Elizabeth Hernández Apráez

Demóstenes decidió no ver el mundo nunca más. A sus setenta y siete años creía que ya había visto todo lo que tenía que ver. Ciego era por voluntad propia. Los ojos los llevaba siempre cerrados y cuando se cansaba de mantenerlos de esa forma, usaba dos parches, uno en cada cóncava.

Cierto era que Demóstenes había observado infinidad de cosas y acontecimientos: un arcoiris de más de siete colores en una tarde espléndida de marzo, una estrella caerse del cielo y también parvadas de aves subiendo hacia el azul infinito. Vio el mar dejándose besar por el cielo, la semilla de una fruta convertirse en árbol, un camino de piedra que llevaba a una montaña y otro de hierba que conducía a un abismo. Sus ojos se pasearon por esos ríos de palabras llamados libros, se detuvieron para admirar un sol blanco de luz y una roja luna de octubre, y se fijaron en otros ojos que le hicieron brillar los suyos.

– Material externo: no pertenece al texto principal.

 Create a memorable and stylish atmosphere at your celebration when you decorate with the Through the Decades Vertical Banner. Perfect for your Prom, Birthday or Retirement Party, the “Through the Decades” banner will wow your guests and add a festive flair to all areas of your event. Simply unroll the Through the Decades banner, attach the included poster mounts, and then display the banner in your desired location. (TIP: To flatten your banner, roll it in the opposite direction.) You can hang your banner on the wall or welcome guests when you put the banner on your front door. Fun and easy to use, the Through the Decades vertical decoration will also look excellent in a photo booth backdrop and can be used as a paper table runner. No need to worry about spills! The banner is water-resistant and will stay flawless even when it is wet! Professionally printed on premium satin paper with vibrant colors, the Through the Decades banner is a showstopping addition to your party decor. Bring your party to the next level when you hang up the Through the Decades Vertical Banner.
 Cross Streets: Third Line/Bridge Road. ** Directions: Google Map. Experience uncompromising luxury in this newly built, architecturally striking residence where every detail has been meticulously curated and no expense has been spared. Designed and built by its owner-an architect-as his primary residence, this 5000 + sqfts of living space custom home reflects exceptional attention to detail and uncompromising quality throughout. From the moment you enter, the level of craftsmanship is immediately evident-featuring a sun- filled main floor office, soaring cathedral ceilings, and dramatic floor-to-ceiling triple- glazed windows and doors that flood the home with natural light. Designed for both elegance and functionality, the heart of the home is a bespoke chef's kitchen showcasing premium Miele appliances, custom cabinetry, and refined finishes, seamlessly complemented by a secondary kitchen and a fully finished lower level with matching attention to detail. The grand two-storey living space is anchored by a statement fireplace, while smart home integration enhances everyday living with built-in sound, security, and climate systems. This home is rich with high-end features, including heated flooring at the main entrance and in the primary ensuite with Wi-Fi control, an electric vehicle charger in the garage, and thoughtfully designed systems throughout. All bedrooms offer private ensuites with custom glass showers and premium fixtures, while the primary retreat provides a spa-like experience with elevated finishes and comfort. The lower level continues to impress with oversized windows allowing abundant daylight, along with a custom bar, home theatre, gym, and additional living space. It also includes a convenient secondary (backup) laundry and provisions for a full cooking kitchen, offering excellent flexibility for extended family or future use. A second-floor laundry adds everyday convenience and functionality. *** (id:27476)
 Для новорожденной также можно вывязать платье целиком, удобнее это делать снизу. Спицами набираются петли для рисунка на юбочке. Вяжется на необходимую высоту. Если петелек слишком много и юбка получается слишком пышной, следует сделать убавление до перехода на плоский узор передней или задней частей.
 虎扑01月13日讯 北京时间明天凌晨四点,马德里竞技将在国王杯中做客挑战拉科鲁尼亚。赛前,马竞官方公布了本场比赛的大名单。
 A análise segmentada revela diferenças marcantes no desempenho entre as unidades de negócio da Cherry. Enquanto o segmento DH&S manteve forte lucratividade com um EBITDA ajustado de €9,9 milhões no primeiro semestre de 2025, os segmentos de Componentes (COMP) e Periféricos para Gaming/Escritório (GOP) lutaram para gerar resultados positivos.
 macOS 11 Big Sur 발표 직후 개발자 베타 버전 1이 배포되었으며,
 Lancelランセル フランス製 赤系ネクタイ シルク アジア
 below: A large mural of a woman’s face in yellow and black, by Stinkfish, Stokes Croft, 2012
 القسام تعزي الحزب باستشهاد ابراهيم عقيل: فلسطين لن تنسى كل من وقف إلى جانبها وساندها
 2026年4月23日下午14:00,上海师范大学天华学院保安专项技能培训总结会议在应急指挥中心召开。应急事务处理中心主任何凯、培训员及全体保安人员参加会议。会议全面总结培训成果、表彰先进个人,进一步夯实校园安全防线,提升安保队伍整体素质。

Verdad también era que los párpados de Demóstenes se mantuvieron levantados durante largos minutos mientras apreciaban la serenidad de una montaña, la pequeñez de una hormiga, la bondad de la lluvia. Sus ojos se elevaron para mirar de frente al sol enfurecido y abiertos también se mantuvieron mientras se sumergía en las aguas para ver los peces, las piedras, la arena y las plantas que viven bajo el fluir de un río.

Sin duda, Demóstenes vio lo que quería ver, y lo que no, también. Miró un cuerpo femenino redondo y desnudo, el rostro de una mujer mientras le besaba la boca, una sonrisa saliendo alegremente de unos labios, un par de lágrimas huyendo con tristeza de unos ojos, vio a dos personas pelearse y después fundirse en un abrazo, vio morir a su padre y nacer a su primer hijo.

De tantas cosas que vio, los ojos se le empezaron a cansar. Negros eran, como dos frutos de la vid, pero el tiempo, o el mundo quizá, los volvieron opacos. Se habían ido cerrando, parecían oponerse a permanecer atentos a los cambios de la vida. Las imágenes se fueron borrando ante su vista. Aparecían y desaparecían, eran incompletas. Demóstenes ya no quería ver el mundo a medias. Seguro de que lo primero que se le muere a un hombre son los ojos, quiso darles una digna sepultura. Y los cerró, con la idea de no abrirlos nunca más.

Vivía en un buen bosque, de esos que tienen todo verde menos el cielo que los cubre. ¡Cuánto había por mirar allí!: las flores cayéndose de las plantas para acariciar la tierra, un río tranquilo y pensativo bajo el sol de la tarde, rocas monumentales con piel de musgo, pájaros que pintaban de distintos colores el aire. Aún así, Demóstenes prefería no ver ese ente verde que siempre le miraba a él con indiferencia.

Fueron los habitantes de ese bosque quienes se empeñaron en hacerle cambiar de opinión.

—Tienes que ver esto, Demóstenes —le decían cuando el aire entraba al bosque trayendo consigo mariposas de alas dulces. —Ya las he visto —respondía Demóstenes, apretando aún más los párpados.

Lo llamaban para que viera un cometa brillante que se acercaba a la tierra cada setenta y cinco años, para que observara los árboles llenarse de unos pájaros silvestres que venían desde Canadá, para que endulzara sus ojos conociendo a su nuevo nieto que había nacido dos meses antes de lo previsto, un poco más grande que una mano, y a quien ya le tenían nombre: le pondrían Demóstenes como el abuelo.

Nada de eso quiso ver. Amaba los olores y las voces. Prefería escuchar y percibir con su olfato los acontecimientos del mundo. El día en que Demóstenes tenía que abrir los ojos llegó. Era una madrugada

de color celeste. Los pájaros canturreaban su himno de siempre. El bosque olía a lluvia, a musgo y a miel al mismo tiempo. Del cuerpo de Demóstenes empezaron a brotar gotitas de agua, sin fragancia alguna. Las manos se le cubrieron de un frío matutino, su alma brotó como una flor por todo el pecho, los pensamientos desaparecieron de su cabeza, le pareció no estar ya en este mundo. Pero, sobre todo, los ojos se le llenaron de tanta, tanta luz, que los abrió. Ese día Demóstenes murió con los ojos abiertos.